Hubble : dix ans d'observation aux confins de l'univers
Peu de domaines de l'astronomie ont échappé au télescope spatial mis en orbite en
1990. Sans équivalent au cours de la décennie, il sera demain en concurrence avec les
grands observatoires terrestres, mais restera inégalé dans certaines fenêtres du spectre
EN 1977, lorsque le Congrès américain avait voté les crédits pour la réalisation du
télescope spatial Hubble, toute la communauté astronomique s'était réjouie de
l'événement. Enfin, on allait se libérer de la Terre et de son atmosphère trop turbulente
pour observer l'Univers. Mais on allait pouvoir, en plus des observations effectuées
dans le visible, ouvrir plus largement certaines fenêtres du spectre inaccessibles au sol
(proche infrarouge et utraviolet) et étudier des galaxies, des nébuleuses, des soleils,
des pouponnières d'étoiles et des astres en fin de vie avec un luxe de détails
inimaginable. Chacun y allait alors de sa surenchère et la NASA, jamais en mal de
publicité pour sa cause, affirmait sans retenue qu'Hubble serait « le plus grand
événement astronomique depuis Galilée ». Une date était même fixée pour le
lancement : octobre 1983.
Dix ans passèrent. Hubble n'était toujours pas lancé. Le programme allait de retard en
retard et l'explosion en vol de Challenger en janvier 1986, responsable de la mort en
direct de ses sept membres d'équipage, ne fit que repousser un peu plus la mise en
orbite tant attendue de l'instrument. Ce n'est que le 24 avril 1990 qu'Hubble s'envole
enfin. Les pronostics vont alors bon train. Les uns, encore émerveillés par la galerie
de portraits des planètes-stars du système solaire réalisée par les sondes américaines
Voyager, affirment que le télescope spatial fournira « d'aussi bonnes images des
planètes du système solaire », ce qui n'est pas tout à fait vrai. Les autres se réjouissent
à l'idée de découvrir un Univers inconnu « au travers d'un instrument doté de
pareilles performances »
A peine arrivé en orbite, c'est la consternation. Hubble se révèle n'être qu'un vieillard
myope, plutôt tremblant et à la mémoire singulièrement évanescente. Si les
astronomes, gens de bonne composition, sont prêts à s'accommoder de ces
mouvements incontrôlés et de ces absences, il leur est en revanche difficile d'accepter
le flou de l'instrument. Une myopie inadmissible sur un engin qui a coûté entre 1,5 et
2 milliards de dollars, soit 8,5 à 11,3 milliards de francs ! Chacun s'interroge et se
demande comment il se fait que les contrôles effectués au sol n'ont pas mis en
évidence le défaut d'aberration sphérique responsable de cette myopie ? Comment une
firme aussi connue que Perkin-Elmer, filiale de Hughes, un autre grand du spatial, a
pu faillir alors qu'elle a fabriqué nombre d'instruments optiques pour les satellites
espions américains, dont l'acuité visuelle est en permanence vantée.

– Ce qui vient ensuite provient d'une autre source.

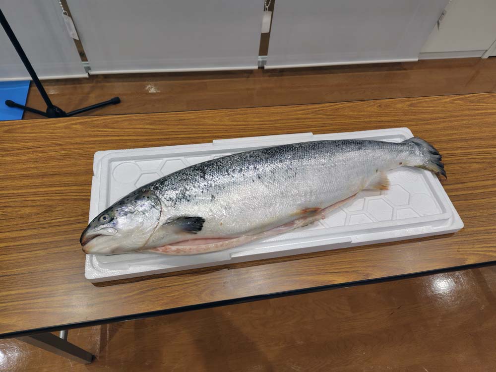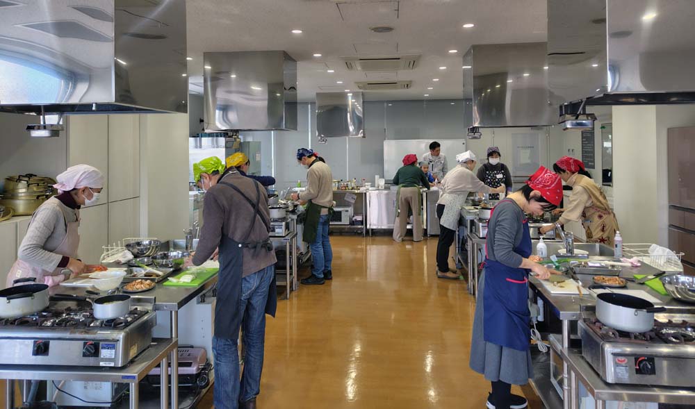 研修会では、宮城県の鮭の現状や銀鮭について理解を深めた後、宮城の郷土料理である鮭のはらこ飯とあら汁、柿なますの由来などに聞いた後、料理づくりをし、みんなで楽しく食べました。

Enquête faite, il apparaît que cette myopie est bien le résultat d'erreurs de calcul - un
millimètre - faits au moment du polissage du miroir principal de 2,40 mètres du
télescope. Lors de leur livraison, les différents miroirs de l'instrument répondaient
parfaitement, et séparément, au cahier des charges, mais l'ensemble une fois
assemblé, n'ayant pas été testé, il manifestait de curieux problème de vision.
Jacqueline Bergeron, de l'Institut d'astrophysique de Paris, s'indigne et déclare que ce
handicap est « d'autant moins pardonnable que les promoteurs du télescope, du fait
des retards accumulés de ce programme, disposaient pratiquement de huit ans pour
faire les vérifications nécessaires ».